Financial planning, career development and investing information - Money-Zine.com
arrowHome arrow Investing Guide arrow Stocks arrow Buying Defensive Stocks
Custom Search

Buying Defensive Stocks

StocksDuring economic recessions, or market downturns, investors typically add defensive stocks to their portfolios.  That's because defensive stocks can be expected to perform relatively well during all phases of a business cycle - even during difficult economic conditions.

In this article, we're going to help define what is meant by a defensive stock.  As part of that definition, we're going to explain how to go about identifying defensive stocks.  We're also going to talk about the pros and cons of investing in these stocks, including the best time to buy them.

Defensive Stock Theory

  Additional Resources

A defensive stock is normally associated with a company that belongs to an industry or market sector that is unaffected by business cycles.  That is to say, consumer demand for their products or services exists no matter how good or how bad the economy is performing.

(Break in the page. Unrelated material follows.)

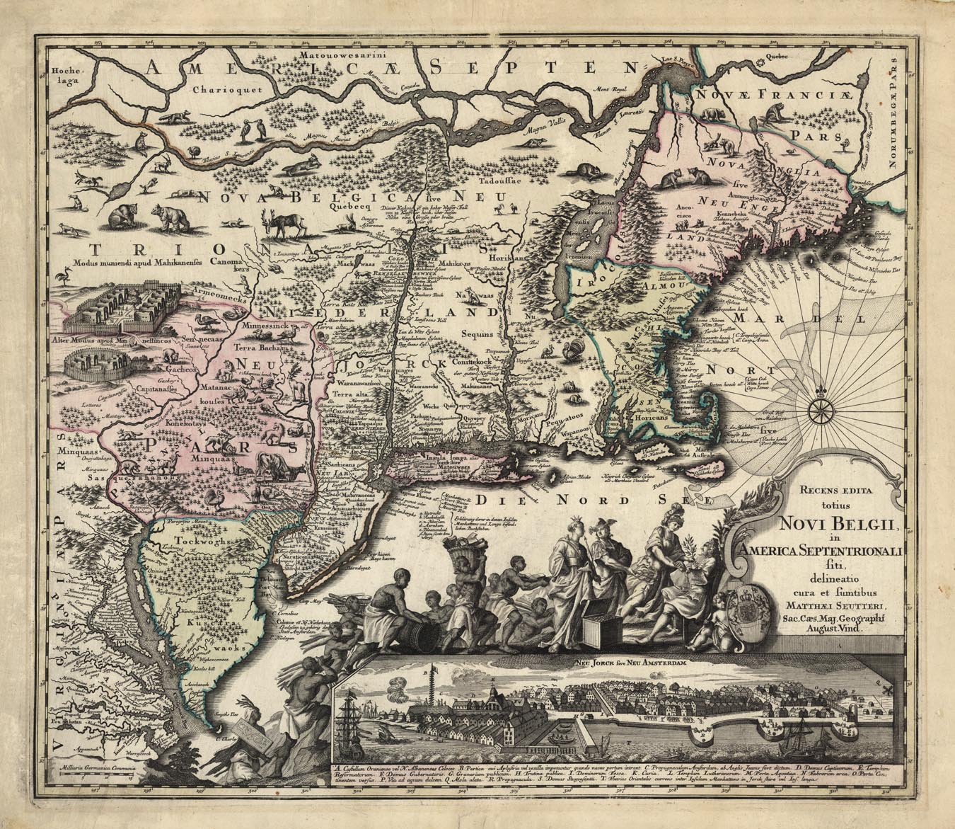 DESCRIPTION: One of the Jansson-Visscher series of New England maps. This series began in 1651 with a map by Jansson and ended over a century later with a version by Lotter. When it first appeared, it was cutting edge cartography. By the time the Lotter edition was printed, it was badly outdated. Among the many errors, Lake Champlain is located east of the Connecticut River. Geographic errors aside, the map is quite beautiful. Within the map are engraved many birds and animals including turkeys, herons, bears, moose, foxes, rabbits, and beavers. There are also images of a circular and rectangular Indian village. In the lower right corner is the “Restitutio view” of the New York City entitled “Neu Jorck sive Neu Amsterdam.” This view first appeared on the Hugo Allard printing of the map in 1674 and shows the city at the time of the Dutch reconquest in 1673. To the left and above the view is an elaborate scene depicting natives and gods presenting tribute to the English monarch, George II.

Defensive stocks are the opposite of cyclical stocks - whereby the financial health of cyclical companies move in-sync with the health of the economy.  That's why these stocks are also referred to as non-cyclical stocks.

Identifying Defensive Stocks

The easiest way to identify a defensive stock is by thinking back to the very basic needs we all have as human beings - food, health / well-being, clothing, and shelter.  If a company provides a service, or manufactures a product, that fulfills these needs, then it's very likely that consumer demand for their products or service will remain strong even when economic times are dire.

Examples of defensive stocks include companies belonging to the following market sectors:

  • Utilities - including electricity, natural gas, propane, heating fuel oil, and water.  At one time, this list would have also included telephone and cable television companies but competition has eliminated the "captive" customers these companies once enjoyed when they owned franchise territories.
  • Food and Beverages - including producers of food products, beverages (including those containing alcohol), and sometimes fast food restaurants that compete for customers on price.
  • Healthcare - includes companies that manufacture pharmaceuticals and medical devices, testing laboratories, and insurance companies.
  • Non-Durable Goods - includes household goods that are quickly consumed such as soap, detergent, deodorant, and toothpaste.  These are essential household items that most consumers will purchase even if money is tight.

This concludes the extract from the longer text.